Records from a data source
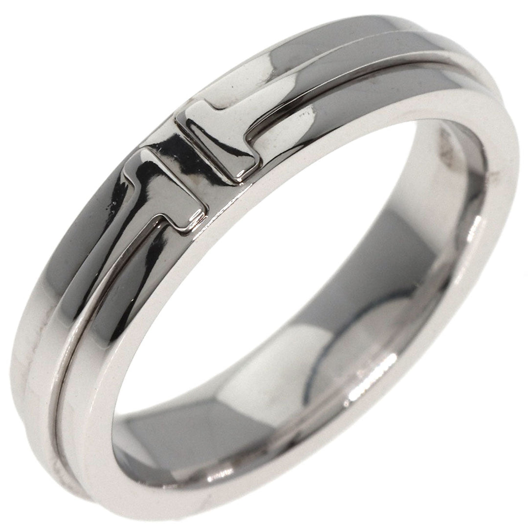 TIFFANY&Co. Ring K18WG Silver T TWO narrow Women Used Authentic
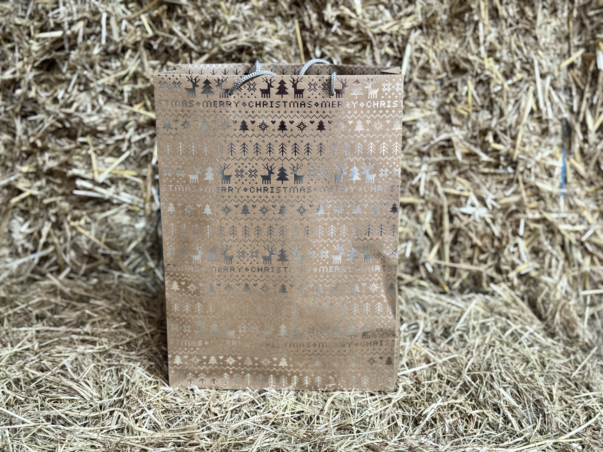 - Kartonnen kersttas verpakt met feestelijke kerstlinten.
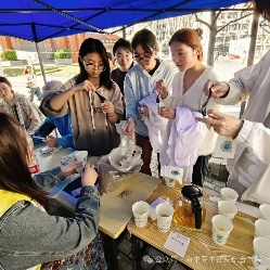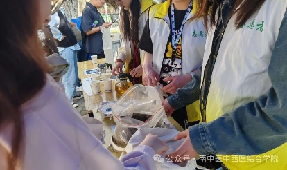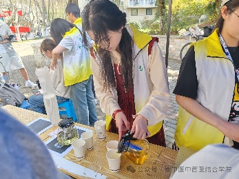 4.药茶分发——志愿者们为南农同学们准备了补血养颜和健脾除湿的药茶,并根据同学们不同的体质,向他们推荐了合适的药茶,在喝茶过程中科普中医养生,传播中医药文化。
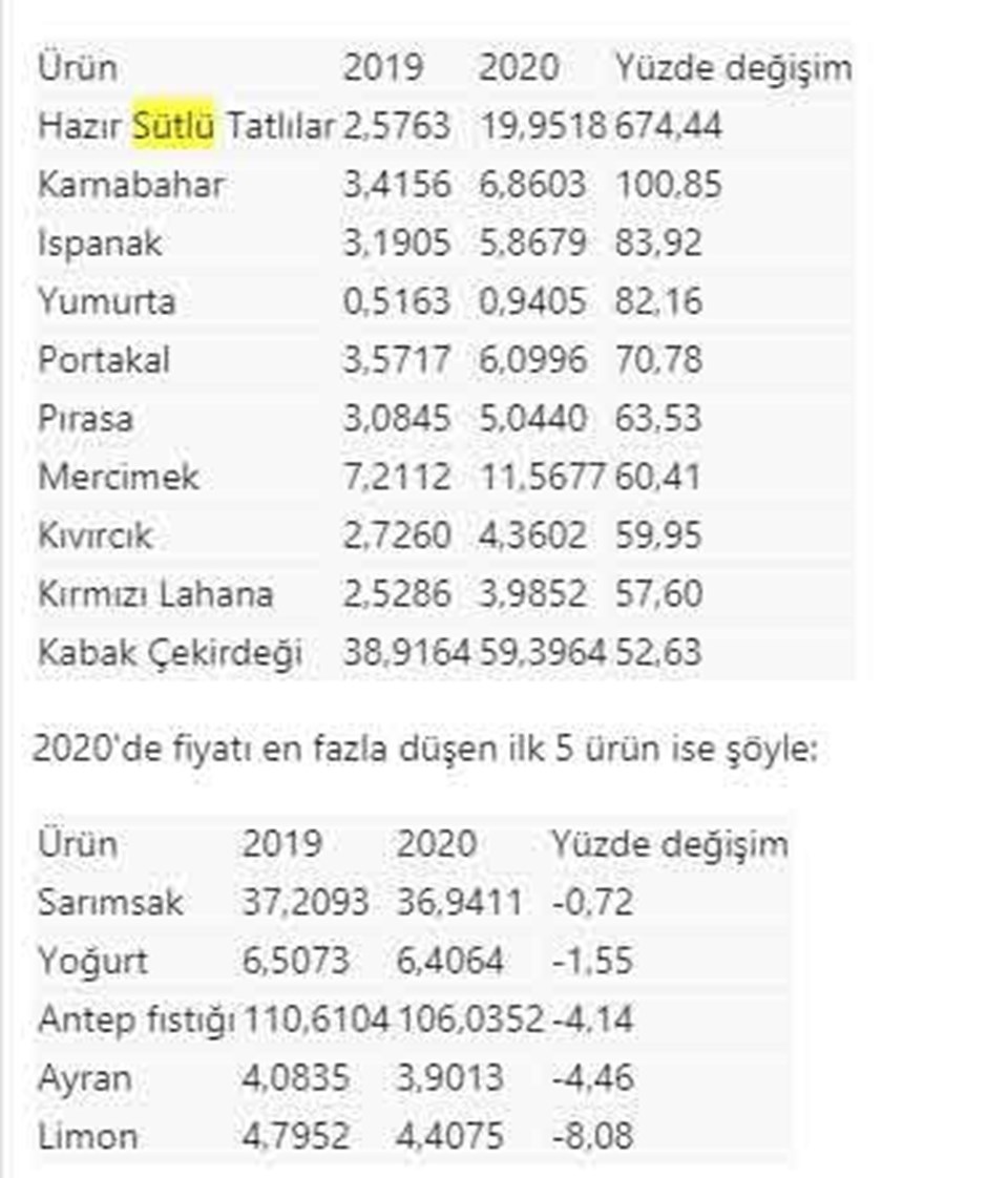 Söz konusu dönemde fiyatı en çok artan ürün yüzde 674,4 ile hazır sütlü tatlılar oldu. Bu ürünün kilogram fiyatı 20 liraya yaklaştı. Hazır sütlü tatlıları yaklaşık yüzde 100,9 ile karnabahar, yüzde 83,9 ile ıspanak, yüzde 82,2 ile yumurta, yüzde 70,8 ile portakal, yüzde 63,5 ile pırasa ve yüzde 60,4 ile mercimek izledi.
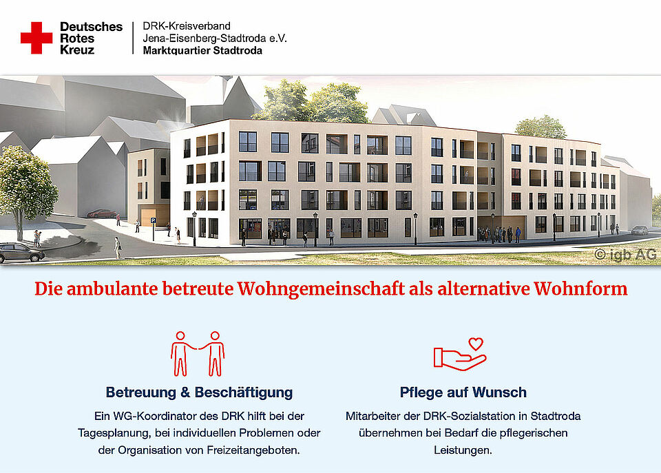 Neben der Wohngemeinschaft bietet das DRK-Marktquartier Stadtroda weitere Seniorendienste wie ambulante Pflege, Tagespflege und Essen auf Rädern an. Diese Angebote können je nach Bedarf zusätzlich in Anspruch genommen werden.
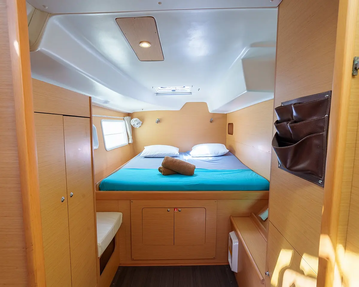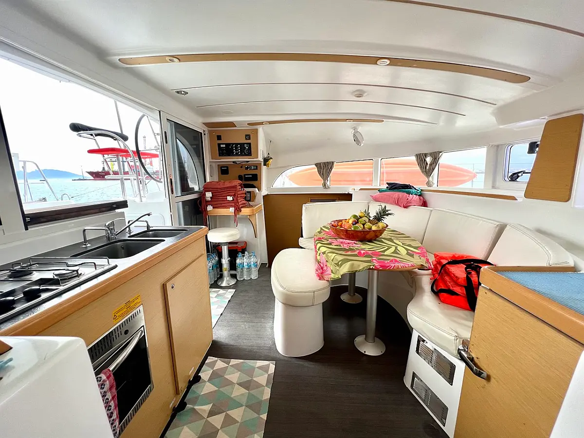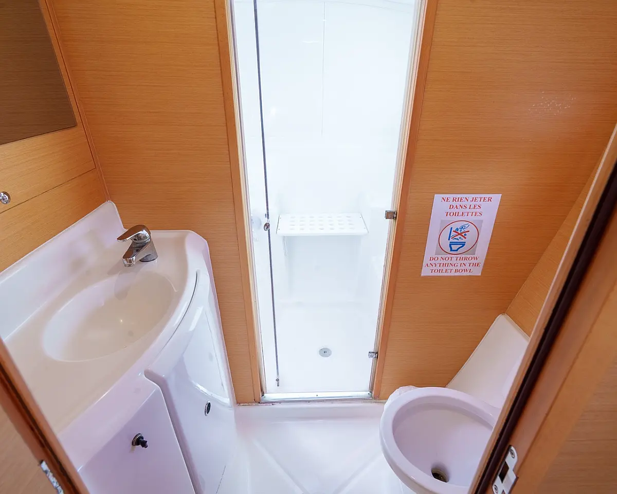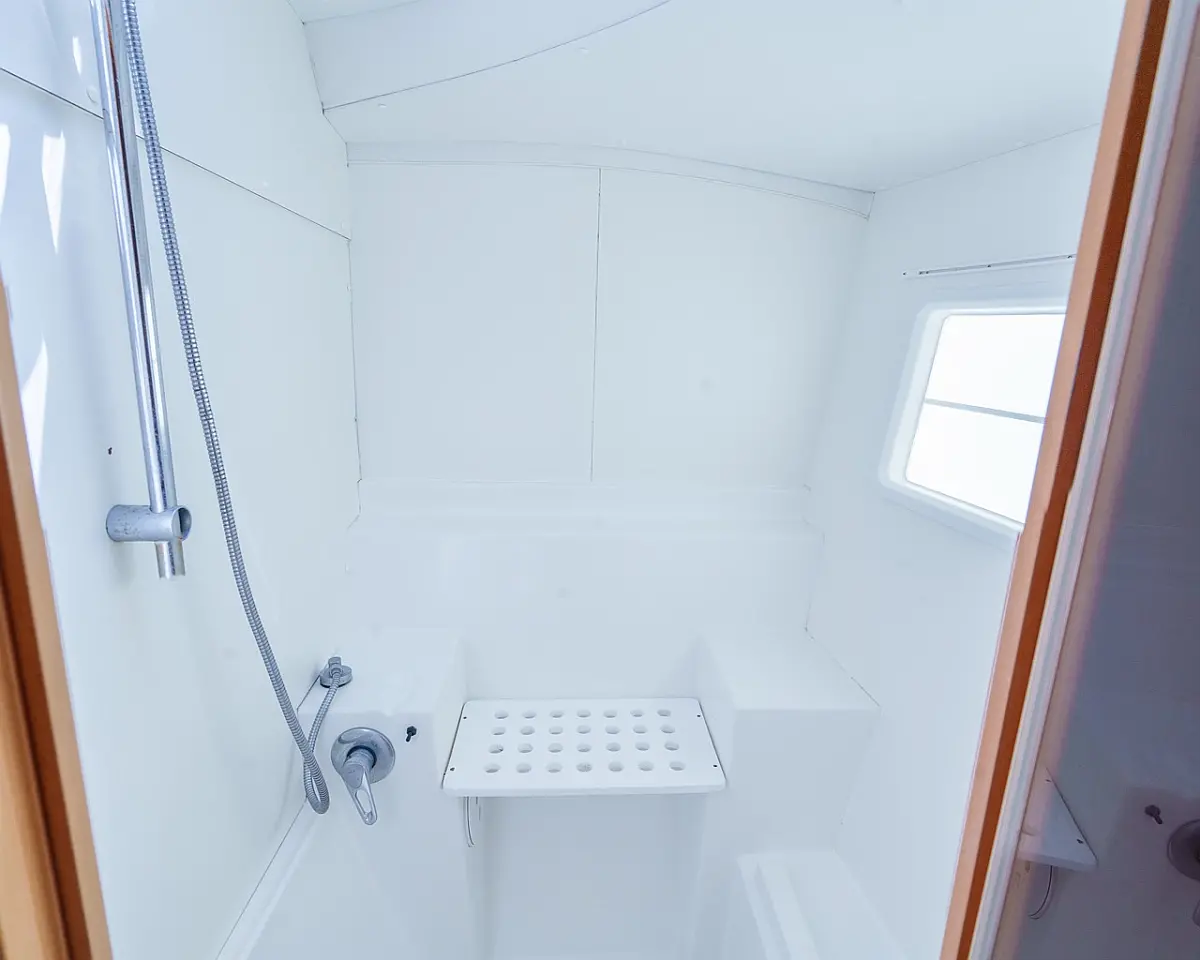 Barbecue grill in cockpit, Bimini, Cockpit cushions, Outboard engine, Refrigerator, Solar Panels, Water maker

_Required action_
Exact copies of the entries above are needed, without their pictures.

_Exercise result_
 TIFFANY&Co. Ring K18WG Silver T TWO narrow Women Used Authentic
 - Kartonnen kersttas verpakt met feestelijke kerstlinten.
 4.药茶分发——志愿者们为南农同学们准备了补血养颜和健脾除湿的药茶,并根据同学们不同的体质,向他们推荐了合适的药茶,在喝茶过程中科普中医养生,传播中医药文化。
 Söz konusu dönemde fiyatı en çok artan ürün yüzde 674,4 ile hazır sütlü tatlılar oldu. Bu ürünün kilogram fiyatı 20 liraya yaklaştı. Hazır sütlü tatlıları yaklaşık yüzde 100,9 ile karnabahar, yüzde 83,9 ile ıspanak, yüzde 82,2 ile yumurta, yüzde 70,8 ile portakal, yüzde 63,5 ile pırasa ve yüzde 60,4 ile mercimek izledi.
 Neben der Wohngemeinschaft bietet das DRK-Marktquartier Stadtroda weitere Seniorendienste wie ambulante Pflege, Tagespflege und Essen auf Rädern an. Diese Angebote können je nach Bedarf zusätzlich in Anspruch genommen werden.
 Barbecue grill in cockpit, Bimini, Cockpit cushions, Outboard engine, Refrigerator, Solar Panels, Water maker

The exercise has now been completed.